Traditional data centers typically require SSDs with capacities of 4TB to 8TB, but with the emergence of DeepSeek, flash memory capacity demands have risen to 32TB, 64TB, or even 128TB. As flash memory chip capacity increases, the development difficulty also escalates. This is akin to building a taller building, which requires higher structural integrity. InnoGrit’s products have already spawned various niche applications, raising the bar for storage chip companies and SSD manufacturers in terms of differentiated competition and technological iteration capabilities.

In fact, AI is driving the evolution of storage technology. “In the past, many domestic data centers were still using mechanical hard drives. Two years ago, they began switching to SSDs due to speed requirements, transitioning from SATA to PCIe 4.0, and now we are entering the PCIe 5.0 era,” Zhong Xiaohui explained. After the launch of ChatGPT in 2022, the application market represented by AIGC began to demand higher performance and capacity from storage. The emergence of DeepSeek has facilitated the application of large model inference, and the new generation of PCIe 6.0 SSDs and storage-class memory solutions based on CXL interfaces are gaining attention. These technologies will support large model data center cloud services and local deployment all-in-one machines in new ways, accelerating the implementation of open-source large models like DeepSeek. “The emergence of AI has accelerated the market introduction of SSDs; it took us about a year to introduce them to standard server manufacturers, and in the first half of 2024, shipments are expected to increase tenfold.”

Computing power, storage capacity, and transmission capabilities often promote and develop symbiotically. Domestic AI chip companies are exploring layouts from edge servers to cloud servers using more open architectures like RISC-V. Meng Jianyi, CEO of Zhihe Computing, noted that breakthroughs in high-performance computing with RISC-V require not only entering the high-performance realm at the general computing level but also integrating AI-enhanced computing at the architectural level to achieve AI-native capabilities.

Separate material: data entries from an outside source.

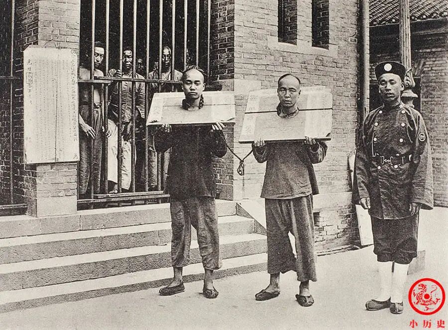 两个犯人戴着枷板,留下了永恒的影像。大家注意一个细节,他们的辫子被巡捕绑在了一起,更方便管理。监牢里挤满了各色人等,隔着铁窗好奇地看镜头。
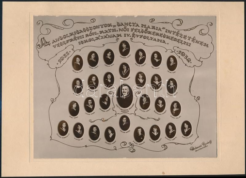 1932 Balatonfüred, Veszprémből kihelyezett Női Felsőkereskedelmi Iskola tanárai és végzős növendékei, kistabló nevesített portrékkal, 16x20,5 cm, karton 20x27 cm
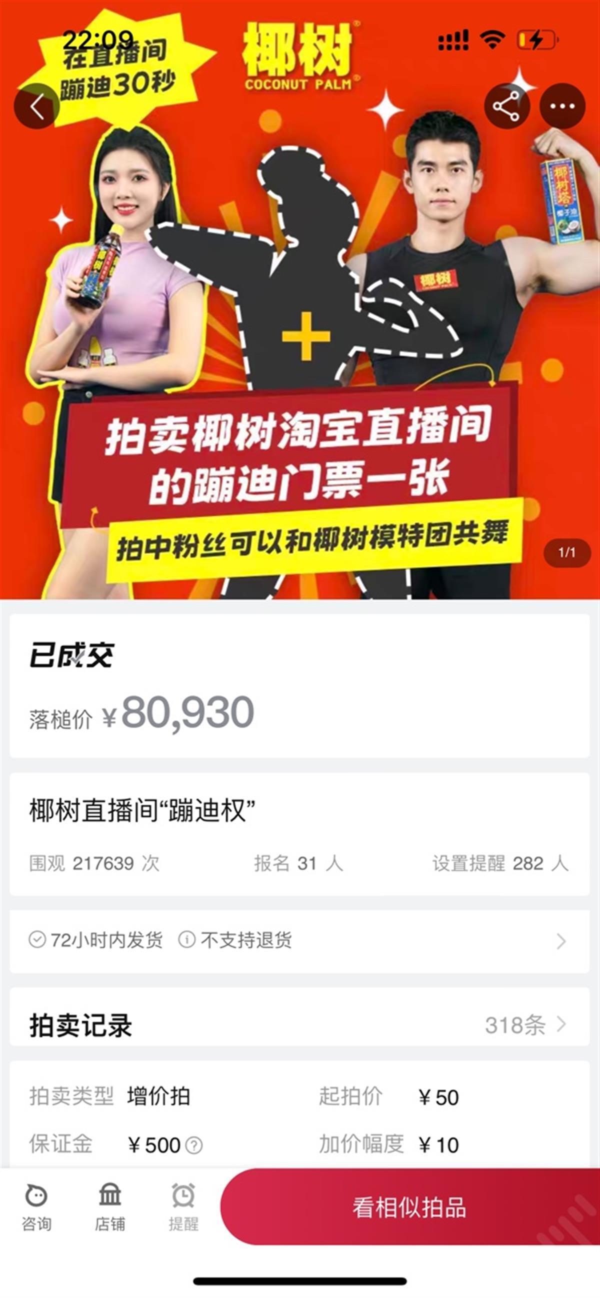 拍卖从6月1日19:00开始,数万名“吃光网友”慕名而来齐聚淘宝拍卖,看看与椰树男团跳舞的机会将花落谁家。
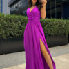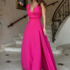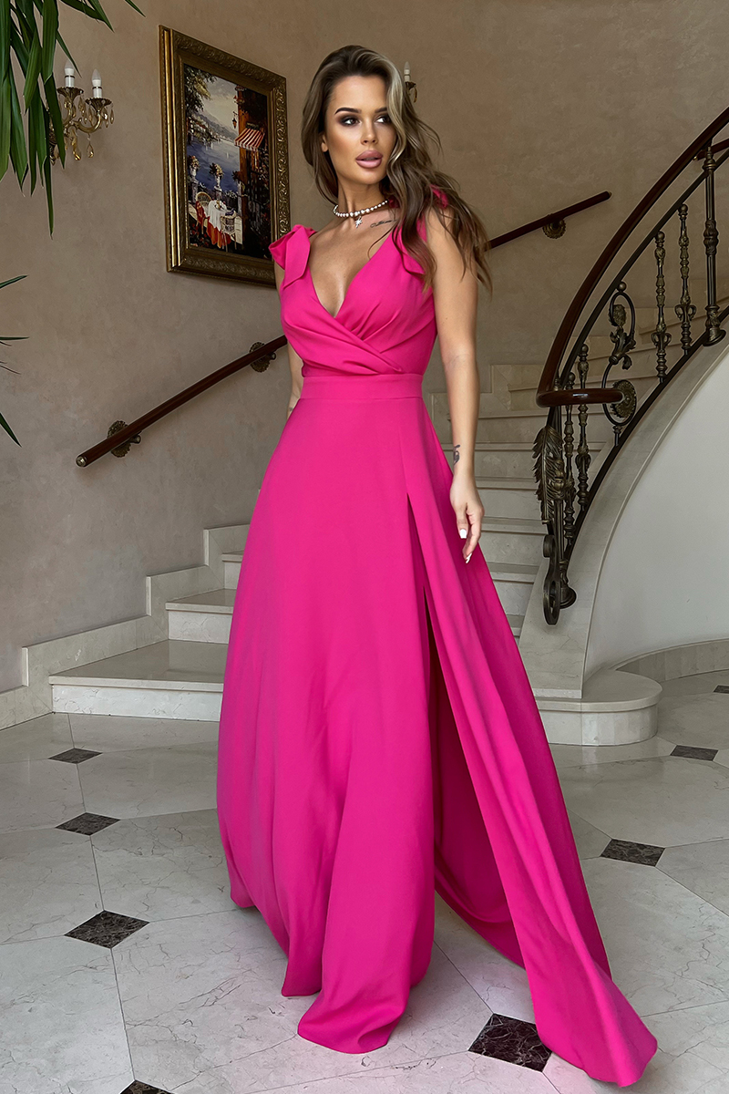 Długa suknia wiązana na ramionach w piękne kokardy kolor fuksja. Model 200-078
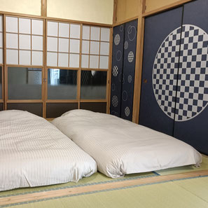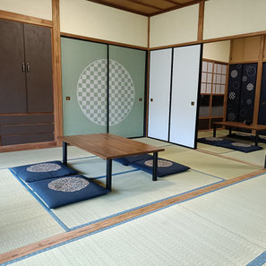 前の和室の窓を開けると長い縁側になっており、縁側に座って南側の山の稜線を眺めながらお寛ぎください。
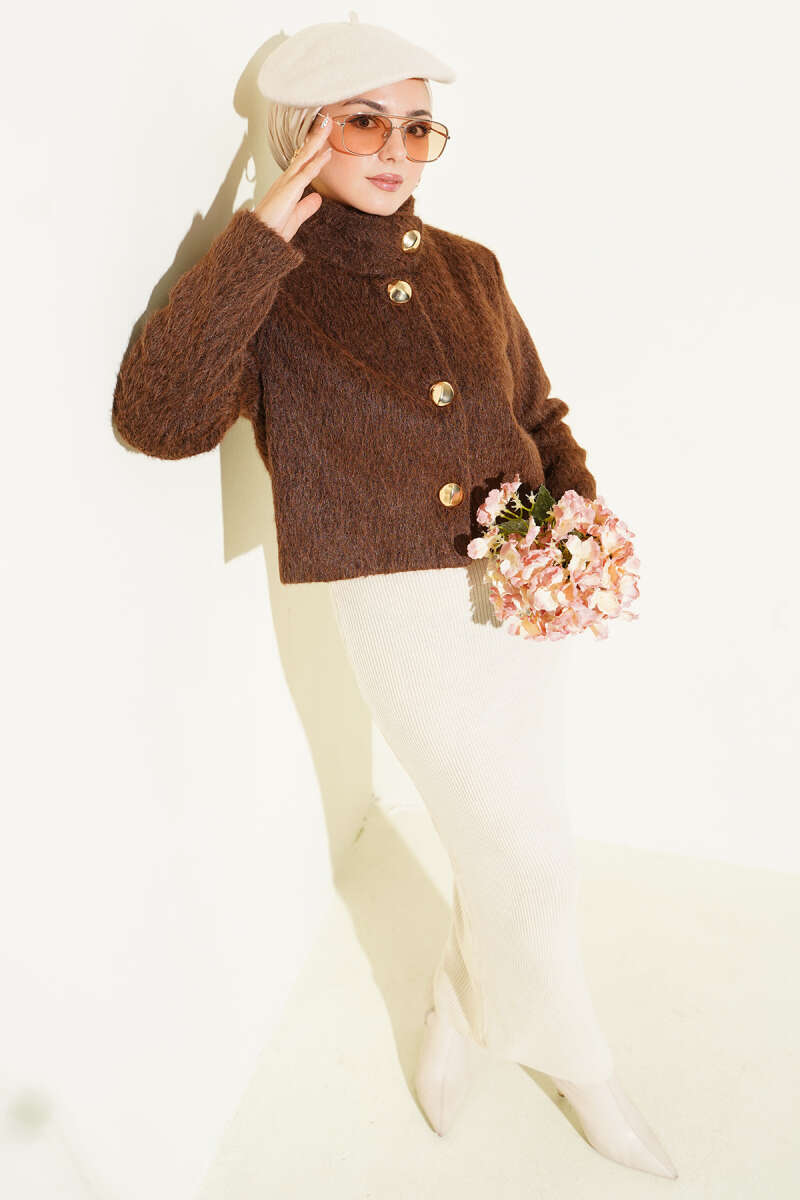 Yarım Balıkçı Yaka Gold Düğmeli Ceket Kahve

“Storage has always followed the developments in computing power and transmission capabilities. Whenever one end rises, you must keep up,” Zhong Xiaohui asserted. To match differentiated storage solutions to various application scenarios and support computing power demands, the team’s focus this year is on developing storage controller chips and solutions that meet future AI needs. “There are still many manufacturers in the global storage controller market. To carve out a niche and establish a stable presence, we must excel in the iterative upgrade process and offer unique solutions. In the future, domestic manufacturers must not only focus on meeting domestic replacement needs and sustainable product iteration capabilities but also emphasize the ability to expand internationally. This will be a necessary phase for domestic storage companies over the next 3-5 years, or even 5-10 years.”